» **What you should do**
The answer must consist only of the lines in the records below from the line with "Блузка из мягкой" to the line with "This office wraps", both included, copied word for word with every picture left out.

» **Extracted data entries**

━━━━━━━━━━━━━━━━━━━━

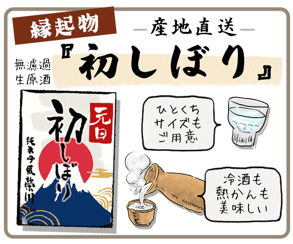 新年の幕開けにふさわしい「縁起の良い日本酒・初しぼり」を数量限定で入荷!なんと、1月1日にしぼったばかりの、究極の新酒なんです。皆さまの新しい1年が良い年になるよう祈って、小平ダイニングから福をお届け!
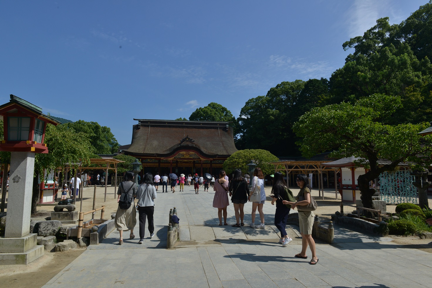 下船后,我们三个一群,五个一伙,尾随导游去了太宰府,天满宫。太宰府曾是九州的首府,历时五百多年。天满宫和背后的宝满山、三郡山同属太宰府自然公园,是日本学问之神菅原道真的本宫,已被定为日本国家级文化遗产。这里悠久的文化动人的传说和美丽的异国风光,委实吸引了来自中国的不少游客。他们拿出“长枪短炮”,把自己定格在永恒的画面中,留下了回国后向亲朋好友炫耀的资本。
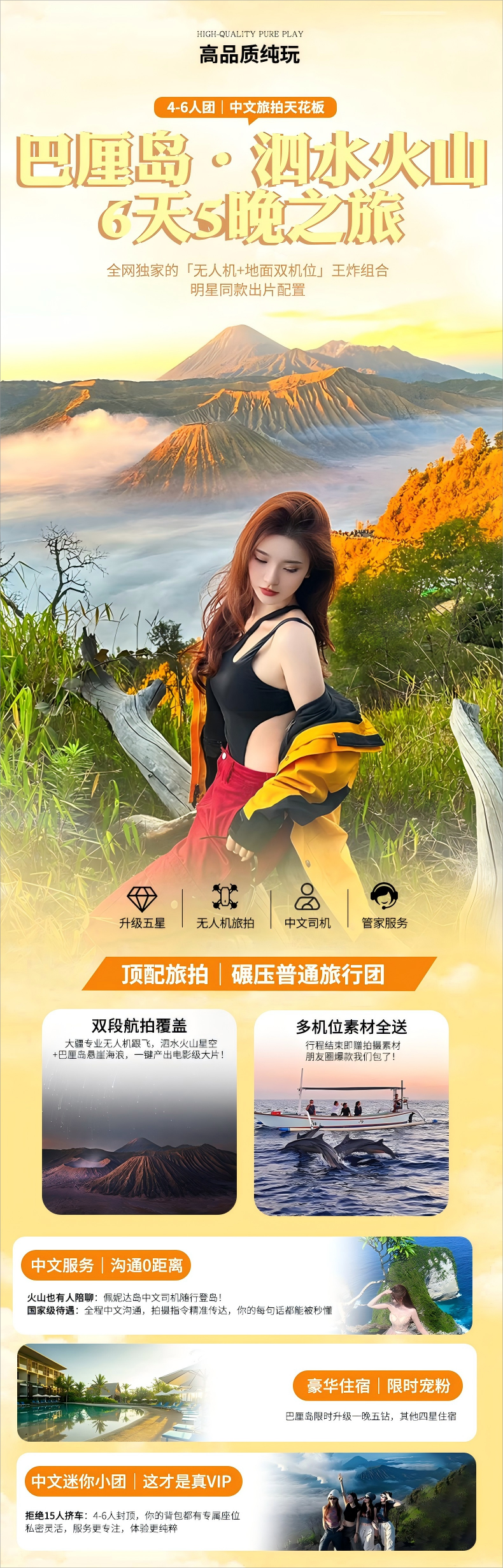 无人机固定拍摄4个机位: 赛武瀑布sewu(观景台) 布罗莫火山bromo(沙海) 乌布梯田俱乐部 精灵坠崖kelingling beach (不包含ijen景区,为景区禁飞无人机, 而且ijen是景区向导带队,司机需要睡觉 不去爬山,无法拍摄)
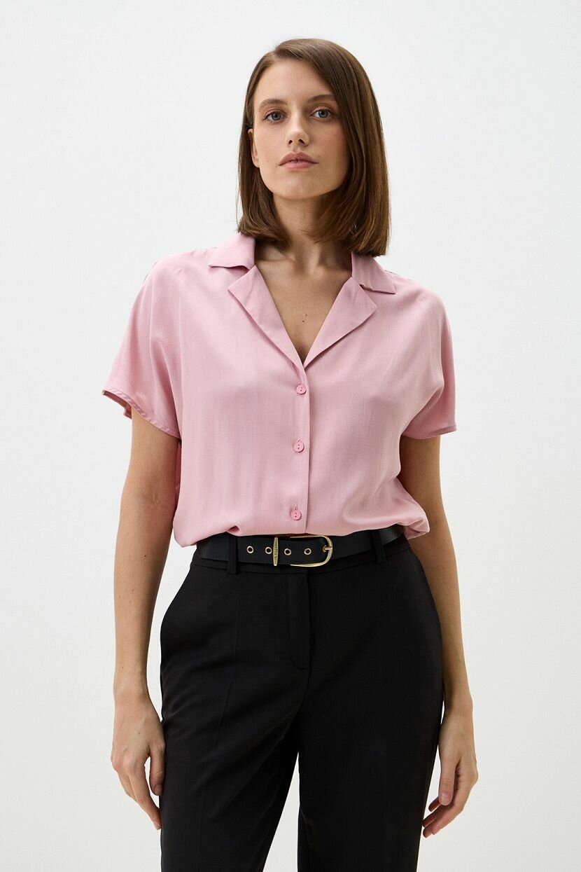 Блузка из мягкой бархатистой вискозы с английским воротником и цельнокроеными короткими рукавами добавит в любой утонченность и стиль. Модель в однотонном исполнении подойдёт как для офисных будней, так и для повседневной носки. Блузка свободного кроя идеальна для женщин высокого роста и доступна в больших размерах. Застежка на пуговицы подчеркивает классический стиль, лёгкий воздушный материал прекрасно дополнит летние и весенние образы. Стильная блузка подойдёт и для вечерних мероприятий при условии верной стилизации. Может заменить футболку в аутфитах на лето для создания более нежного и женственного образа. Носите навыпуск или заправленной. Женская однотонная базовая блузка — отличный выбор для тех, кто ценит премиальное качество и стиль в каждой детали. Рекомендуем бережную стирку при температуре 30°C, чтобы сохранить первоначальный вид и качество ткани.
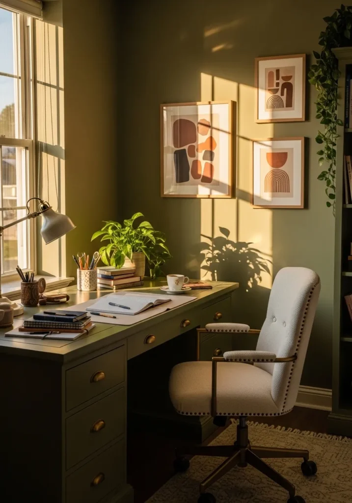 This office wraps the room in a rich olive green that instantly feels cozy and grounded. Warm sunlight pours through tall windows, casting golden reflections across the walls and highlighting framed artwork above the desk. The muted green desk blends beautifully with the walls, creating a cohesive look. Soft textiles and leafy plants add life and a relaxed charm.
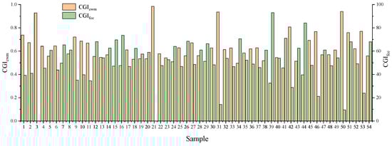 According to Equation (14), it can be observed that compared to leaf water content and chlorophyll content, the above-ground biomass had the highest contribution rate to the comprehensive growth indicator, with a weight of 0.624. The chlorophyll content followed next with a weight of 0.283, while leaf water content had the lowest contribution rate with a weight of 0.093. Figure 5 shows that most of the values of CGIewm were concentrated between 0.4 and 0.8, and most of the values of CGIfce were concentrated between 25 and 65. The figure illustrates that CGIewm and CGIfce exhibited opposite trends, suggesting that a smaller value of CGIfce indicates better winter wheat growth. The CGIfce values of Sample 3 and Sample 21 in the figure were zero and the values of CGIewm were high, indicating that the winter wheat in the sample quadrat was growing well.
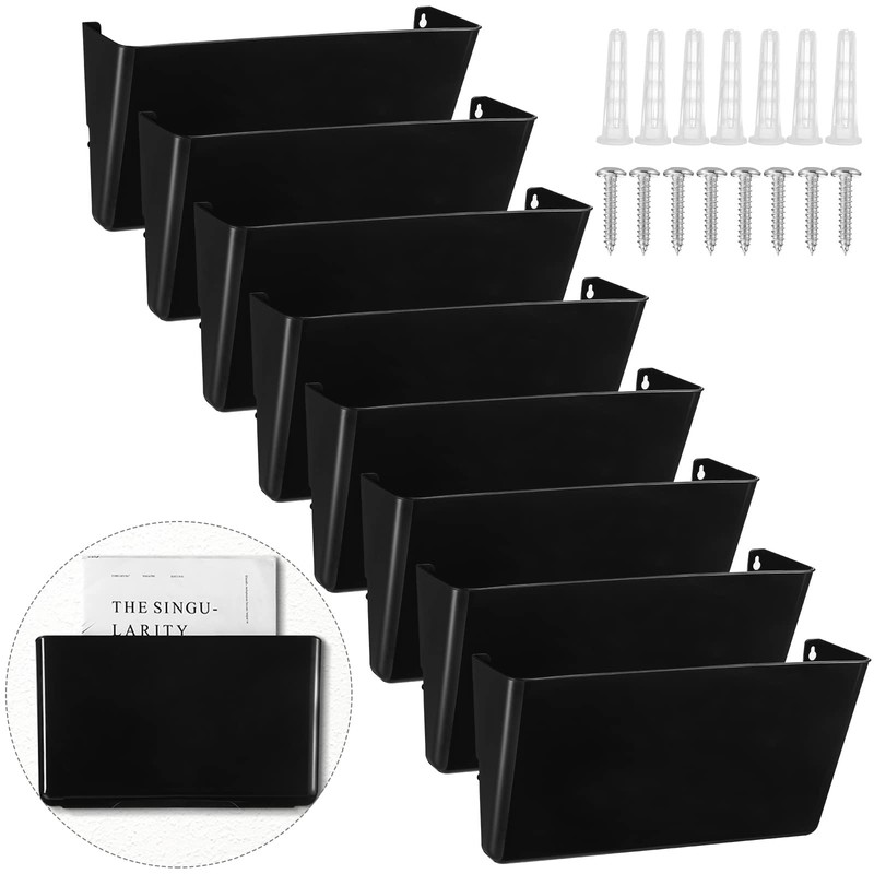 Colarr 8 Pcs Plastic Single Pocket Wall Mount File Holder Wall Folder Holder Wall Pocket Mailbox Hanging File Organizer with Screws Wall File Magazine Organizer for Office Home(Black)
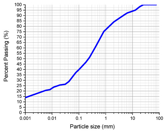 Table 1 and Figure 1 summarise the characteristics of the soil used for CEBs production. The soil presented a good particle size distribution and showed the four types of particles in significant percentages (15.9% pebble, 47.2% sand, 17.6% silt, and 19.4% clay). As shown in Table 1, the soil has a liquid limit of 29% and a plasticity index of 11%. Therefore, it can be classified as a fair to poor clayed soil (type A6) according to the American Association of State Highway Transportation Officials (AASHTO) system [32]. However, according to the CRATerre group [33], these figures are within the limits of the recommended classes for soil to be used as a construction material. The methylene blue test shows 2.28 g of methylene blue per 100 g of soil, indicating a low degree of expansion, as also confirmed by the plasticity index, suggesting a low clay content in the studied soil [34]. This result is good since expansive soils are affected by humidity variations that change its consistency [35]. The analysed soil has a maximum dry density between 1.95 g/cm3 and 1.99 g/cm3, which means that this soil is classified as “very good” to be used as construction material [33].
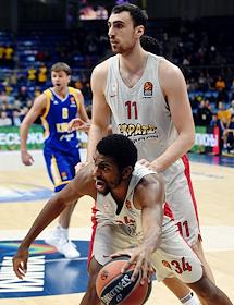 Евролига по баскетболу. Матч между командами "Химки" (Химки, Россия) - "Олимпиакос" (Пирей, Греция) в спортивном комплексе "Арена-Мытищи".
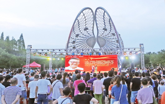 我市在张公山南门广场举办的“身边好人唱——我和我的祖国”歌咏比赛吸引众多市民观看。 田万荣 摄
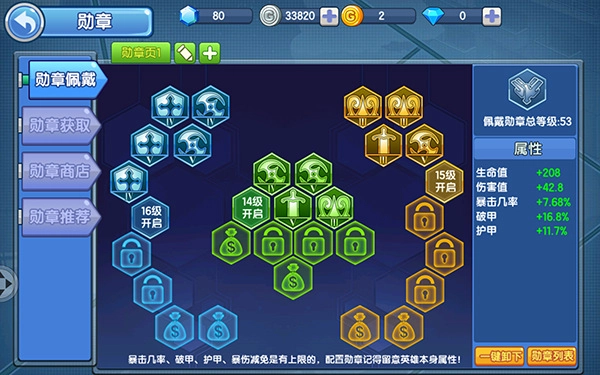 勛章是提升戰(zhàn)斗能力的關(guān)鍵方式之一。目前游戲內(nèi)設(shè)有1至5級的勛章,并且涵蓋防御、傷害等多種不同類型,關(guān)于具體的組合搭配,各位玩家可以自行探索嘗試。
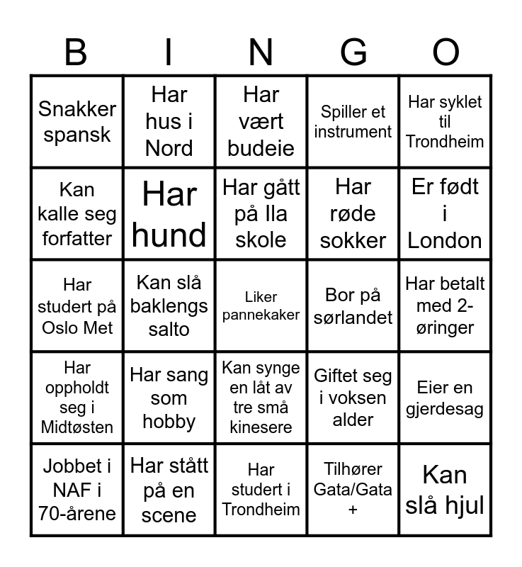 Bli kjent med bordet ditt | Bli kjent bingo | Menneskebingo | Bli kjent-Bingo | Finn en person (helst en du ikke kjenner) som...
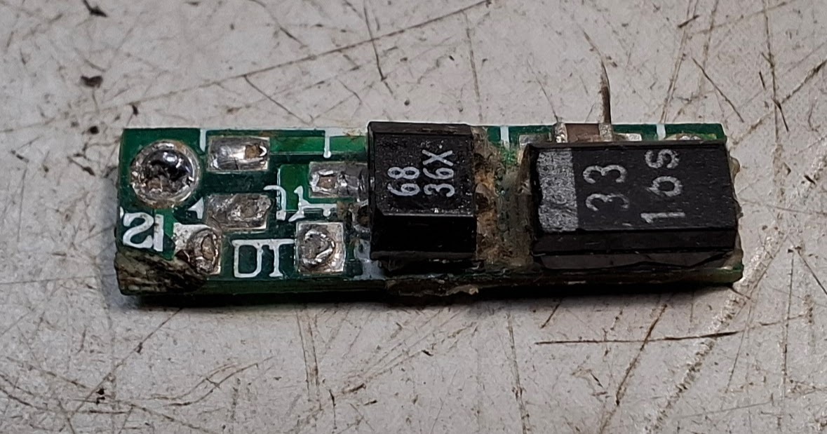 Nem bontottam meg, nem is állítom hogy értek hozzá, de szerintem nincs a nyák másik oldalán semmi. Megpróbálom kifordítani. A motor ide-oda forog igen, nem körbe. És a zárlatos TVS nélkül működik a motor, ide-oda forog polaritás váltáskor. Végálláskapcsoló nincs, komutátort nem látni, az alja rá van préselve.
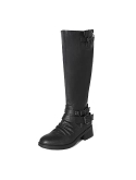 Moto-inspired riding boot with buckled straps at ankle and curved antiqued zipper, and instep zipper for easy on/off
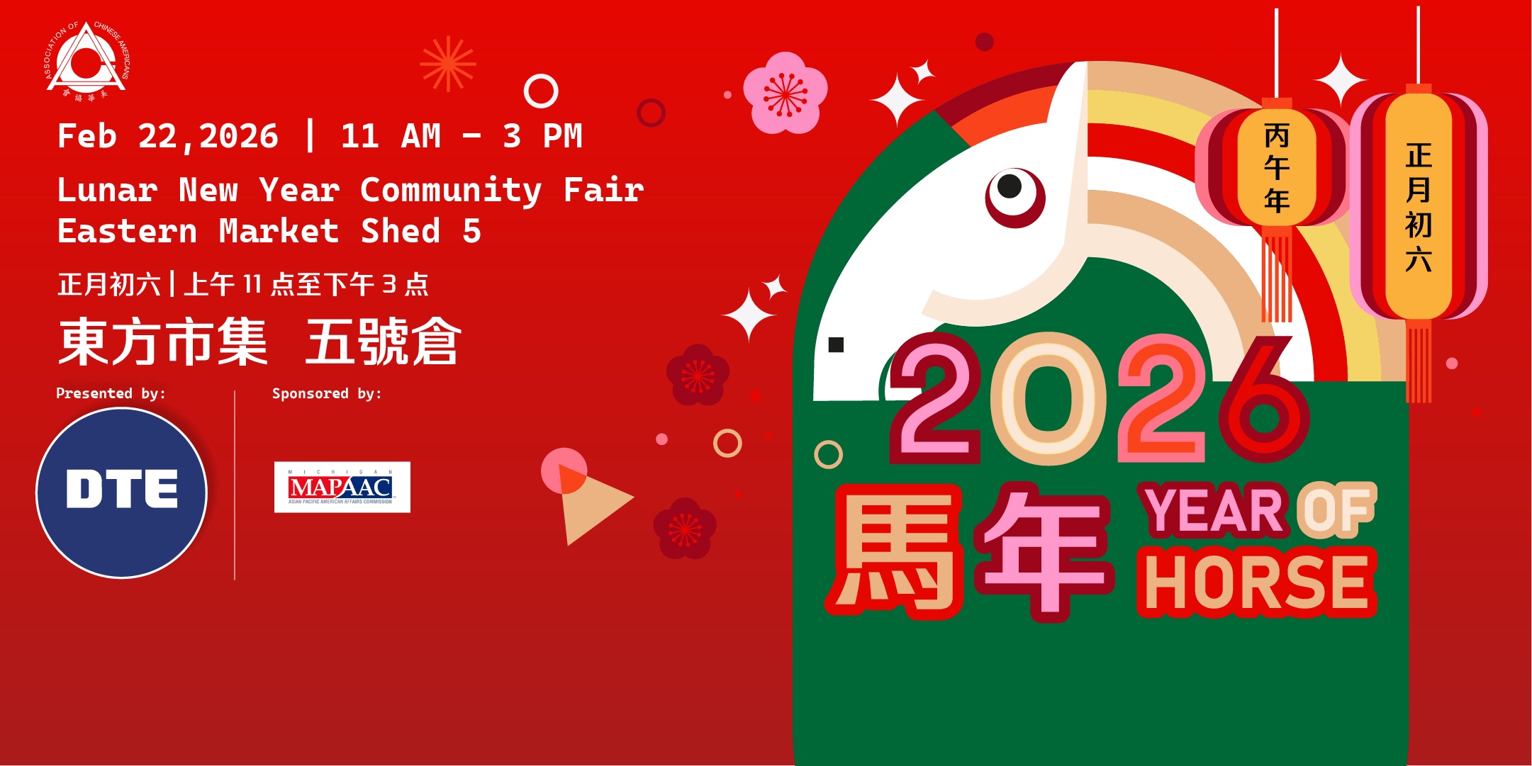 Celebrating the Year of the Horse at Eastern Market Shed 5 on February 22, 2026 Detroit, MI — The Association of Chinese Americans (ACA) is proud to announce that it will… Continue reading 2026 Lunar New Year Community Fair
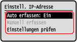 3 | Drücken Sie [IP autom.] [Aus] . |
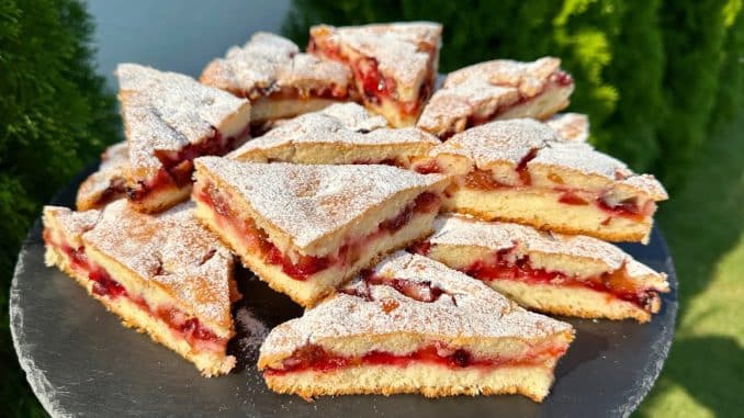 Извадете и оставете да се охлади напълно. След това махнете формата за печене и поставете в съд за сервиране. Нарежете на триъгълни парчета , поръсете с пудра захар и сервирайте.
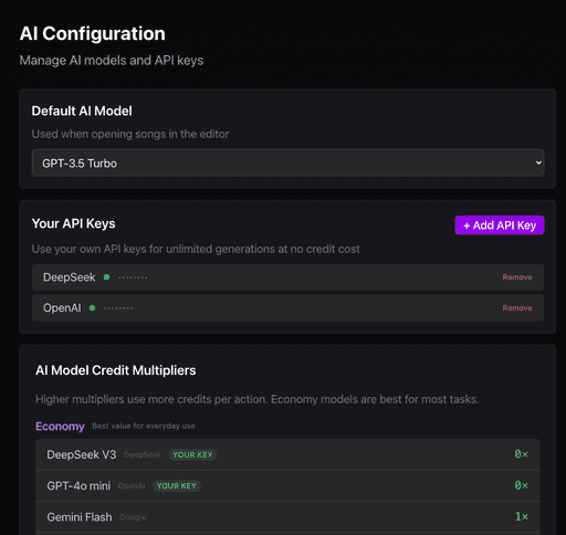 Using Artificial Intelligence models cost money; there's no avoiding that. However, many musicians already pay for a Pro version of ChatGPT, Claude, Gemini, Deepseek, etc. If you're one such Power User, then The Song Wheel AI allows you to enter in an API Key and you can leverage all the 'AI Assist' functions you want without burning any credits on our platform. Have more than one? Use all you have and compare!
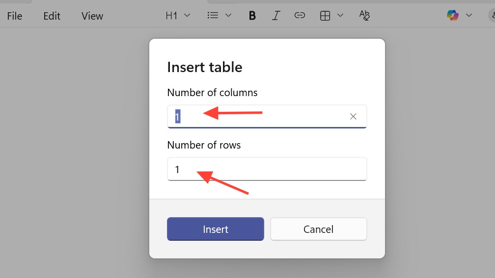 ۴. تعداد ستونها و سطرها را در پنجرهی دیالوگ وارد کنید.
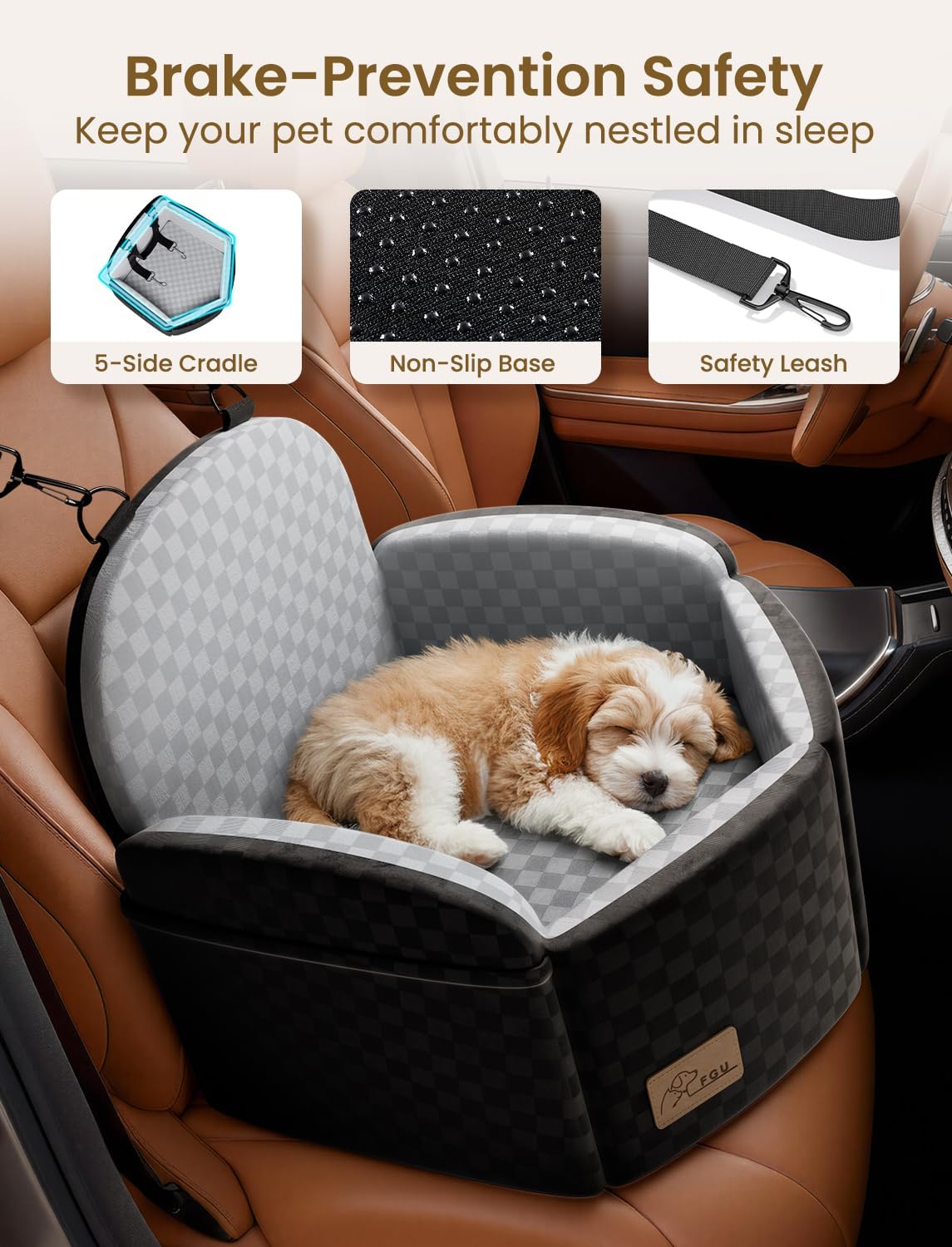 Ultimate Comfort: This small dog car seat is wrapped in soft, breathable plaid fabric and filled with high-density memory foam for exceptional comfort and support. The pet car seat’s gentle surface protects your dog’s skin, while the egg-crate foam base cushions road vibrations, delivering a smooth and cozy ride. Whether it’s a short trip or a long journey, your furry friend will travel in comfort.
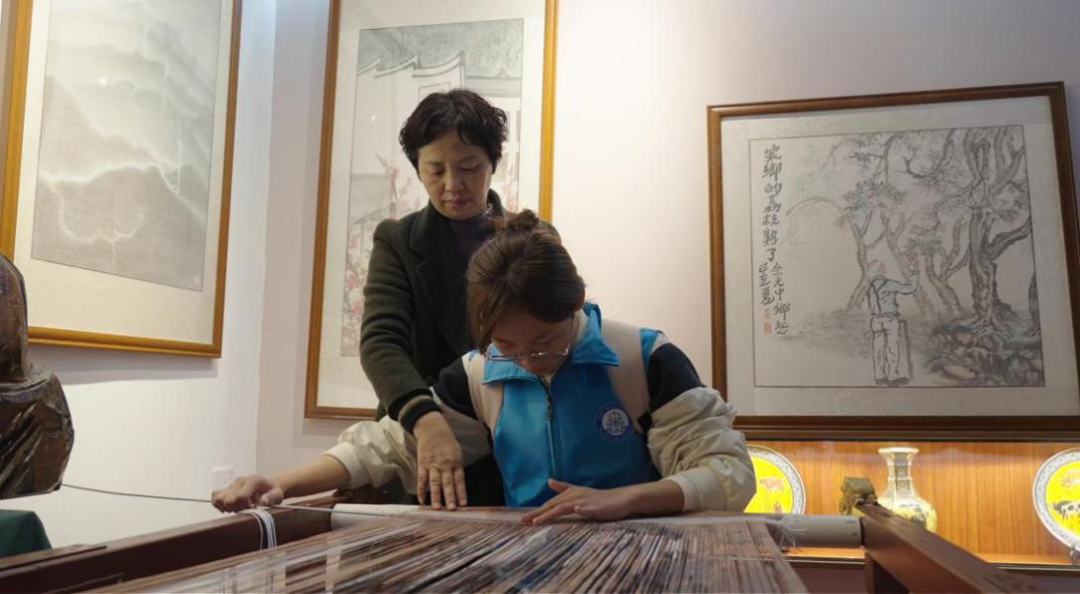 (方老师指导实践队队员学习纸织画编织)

━━━━━━━━━━━━━━━━━━━━

» **Response to the task**
 Блузка из мягкой бархатистой вискозы с английским воротником и цельнокроеными короткими рукавами добавит в любой утонченность и стиль. Модель в однотонном исполнении подойдёт как для офисных будней, так и для повседневной носки. Блузка свободного кроя идеальна для женщин высокого роста и доступна в больших размерах. Застежка на пуговицы подчеркивает классический стиль, лёгкий воздушный материал прекрасно дополнит летние и весенние образы. Стильная блузка подойдёт и для вечерних мероприятий при условии верной стилизации. Может заменить футболку в аутфитах на лето для создания более нежного и женственного образа. Носите навыпуск или заправленной. Женская однотонная базовая блузка — отличный выбор для тех, кто ценит премиальное качество и стиль в каждой детали. Рекомендуем бережную стирку при температуре 30°C, чтобы сохранить первоначальный вид и качество ткани.
 This office wraps the room in a rich olive green that instantly feels cozy and grounded. Warm sunlight pours through tall windows, casting golden reflections across the walls and highlighting framed artwork above the desk. The muted green desk blends beautifully with the walls, creating a cohesive look. Soft textiles and leafy plants add life and a relaxed charm.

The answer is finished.